PROBLEM TO WORK ON :: Find the line containing "문의 연락처 서초50플러스센터 T. 02-579-5060" in the material below, then please transcribe it and each line after it exactly, without the pictures.

SOURCE INFORMATION ::
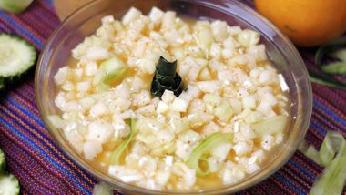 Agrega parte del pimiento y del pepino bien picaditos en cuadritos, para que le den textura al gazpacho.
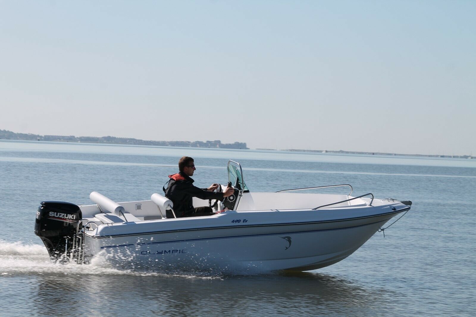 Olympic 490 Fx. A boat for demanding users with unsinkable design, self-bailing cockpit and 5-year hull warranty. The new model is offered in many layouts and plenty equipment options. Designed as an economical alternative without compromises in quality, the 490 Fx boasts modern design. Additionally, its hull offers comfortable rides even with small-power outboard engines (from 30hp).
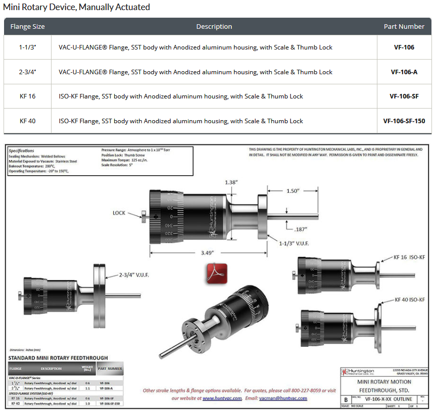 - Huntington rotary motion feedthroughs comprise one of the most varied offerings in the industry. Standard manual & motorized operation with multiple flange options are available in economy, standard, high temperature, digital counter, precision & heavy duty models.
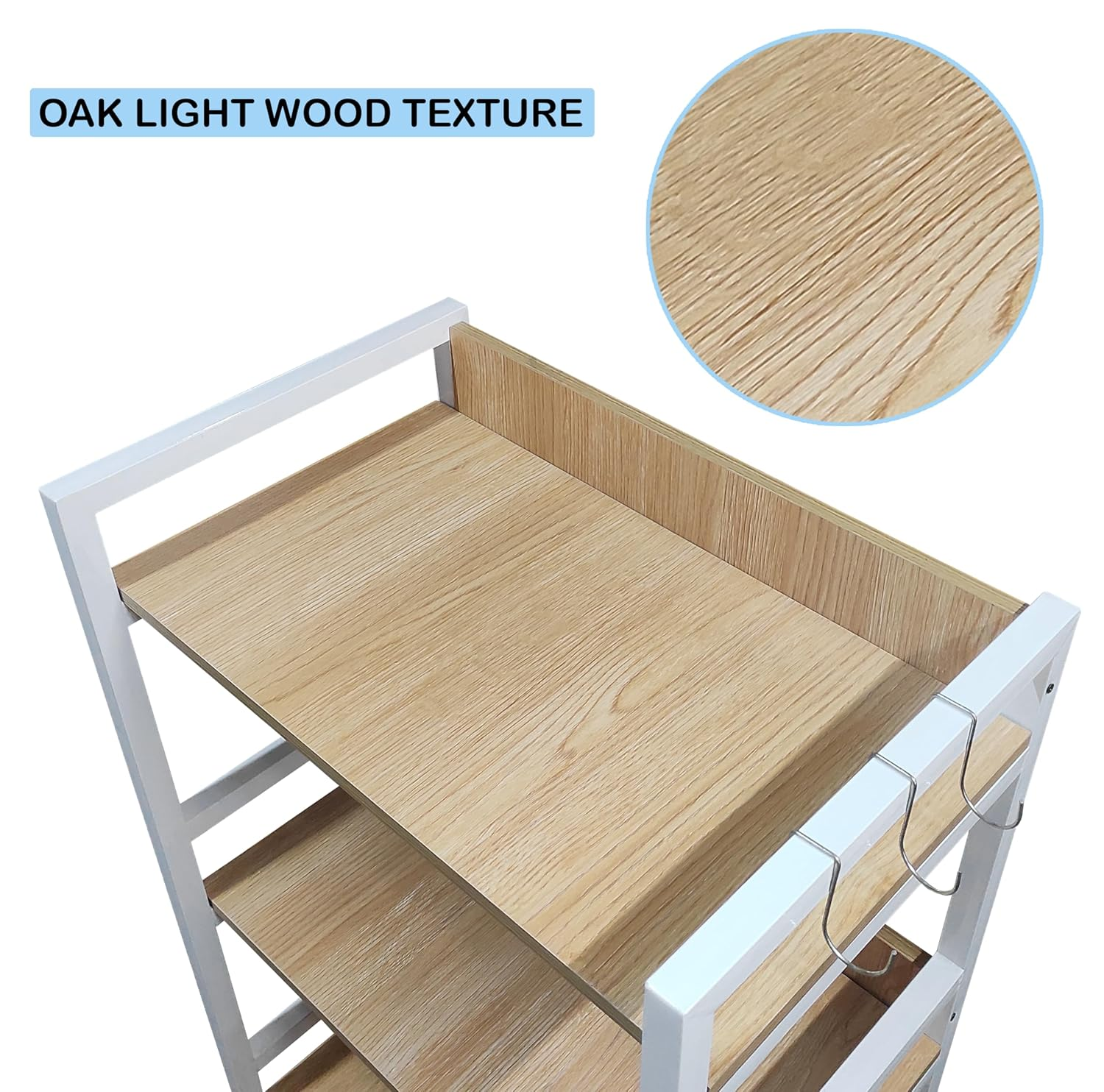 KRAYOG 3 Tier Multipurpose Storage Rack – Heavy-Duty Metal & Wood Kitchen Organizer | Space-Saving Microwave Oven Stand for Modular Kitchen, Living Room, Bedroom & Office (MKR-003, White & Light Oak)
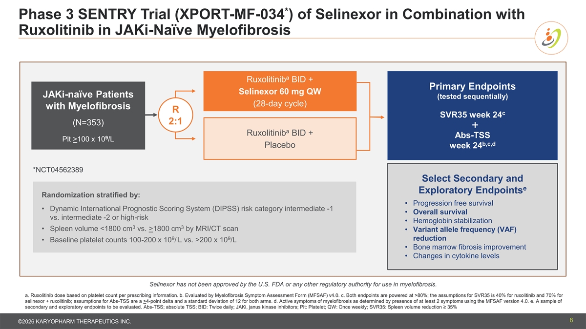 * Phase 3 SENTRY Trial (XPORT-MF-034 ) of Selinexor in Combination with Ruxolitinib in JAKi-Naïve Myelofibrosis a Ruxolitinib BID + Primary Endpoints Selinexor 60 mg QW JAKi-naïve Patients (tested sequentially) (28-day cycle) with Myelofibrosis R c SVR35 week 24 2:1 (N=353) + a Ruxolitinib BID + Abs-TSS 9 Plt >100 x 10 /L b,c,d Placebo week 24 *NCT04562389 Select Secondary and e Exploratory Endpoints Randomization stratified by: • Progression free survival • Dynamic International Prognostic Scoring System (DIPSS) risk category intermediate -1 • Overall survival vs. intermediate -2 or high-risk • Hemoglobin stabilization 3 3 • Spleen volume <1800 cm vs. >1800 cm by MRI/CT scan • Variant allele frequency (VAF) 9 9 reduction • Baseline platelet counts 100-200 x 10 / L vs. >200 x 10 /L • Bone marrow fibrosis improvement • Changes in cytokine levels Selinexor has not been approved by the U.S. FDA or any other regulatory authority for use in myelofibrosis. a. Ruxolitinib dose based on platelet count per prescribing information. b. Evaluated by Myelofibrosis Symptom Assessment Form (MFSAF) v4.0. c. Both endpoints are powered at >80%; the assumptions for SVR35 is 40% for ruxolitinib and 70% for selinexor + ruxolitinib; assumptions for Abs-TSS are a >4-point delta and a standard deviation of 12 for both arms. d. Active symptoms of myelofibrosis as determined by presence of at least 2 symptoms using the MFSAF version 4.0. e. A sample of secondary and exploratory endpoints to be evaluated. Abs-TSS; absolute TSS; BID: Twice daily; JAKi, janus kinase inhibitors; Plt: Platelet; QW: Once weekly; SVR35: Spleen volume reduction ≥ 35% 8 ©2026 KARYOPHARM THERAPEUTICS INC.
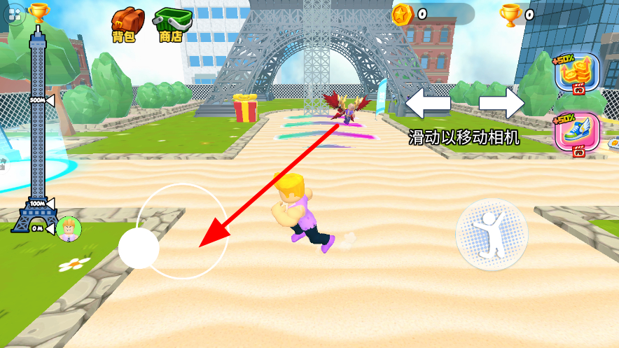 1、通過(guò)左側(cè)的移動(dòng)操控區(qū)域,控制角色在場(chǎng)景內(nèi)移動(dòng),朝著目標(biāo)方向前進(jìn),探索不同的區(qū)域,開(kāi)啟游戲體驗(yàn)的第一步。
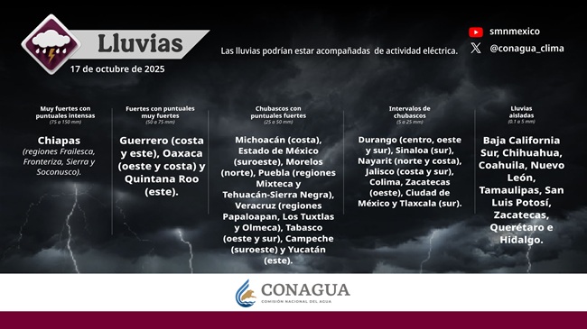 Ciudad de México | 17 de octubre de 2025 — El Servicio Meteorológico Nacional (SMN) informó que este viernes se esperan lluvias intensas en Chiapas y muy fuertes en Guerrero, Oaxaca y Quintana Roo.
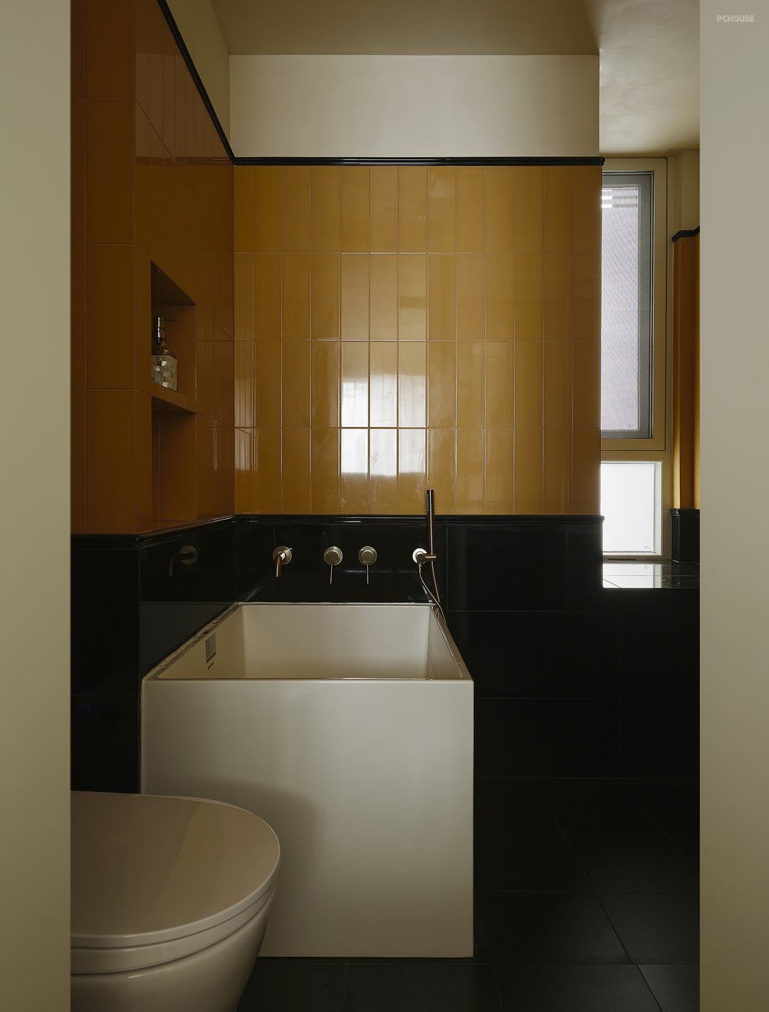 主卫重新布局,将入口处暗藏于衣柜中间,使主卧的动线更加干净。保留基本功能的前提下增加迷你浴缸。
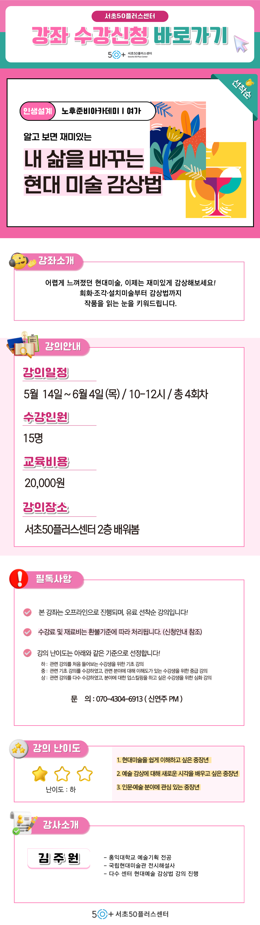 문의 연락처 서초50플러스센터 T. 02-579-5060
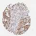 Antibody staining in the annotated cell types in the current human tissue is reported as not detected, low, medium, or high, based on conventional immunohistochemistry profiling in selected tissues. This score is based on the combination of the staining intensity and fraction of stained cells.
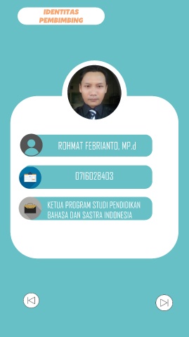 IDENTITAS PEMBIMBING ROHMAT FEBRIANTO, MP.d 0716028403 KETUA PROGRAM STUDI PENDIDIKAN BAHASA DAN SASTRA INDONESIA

YOUR RESPONSE ::
 문의 연락처 서초50플러스센터 T. 02-579-5060
 Antibody staining in the annotated cell types in the current human tissue is reported as not detected, low, medium, or high, based on conventional immunohistochemistry profiling in selected tissues. This score is based on the combination of the staining intensity and fraction of stained cells.
 IDENTITAS PEMBIMBING ROHMAT FEBRIANTO, MP.d 0716028403 KETUA PROGRAM STUDI PENDIDIKAN BAHASA DAN SASTRA INDONESIA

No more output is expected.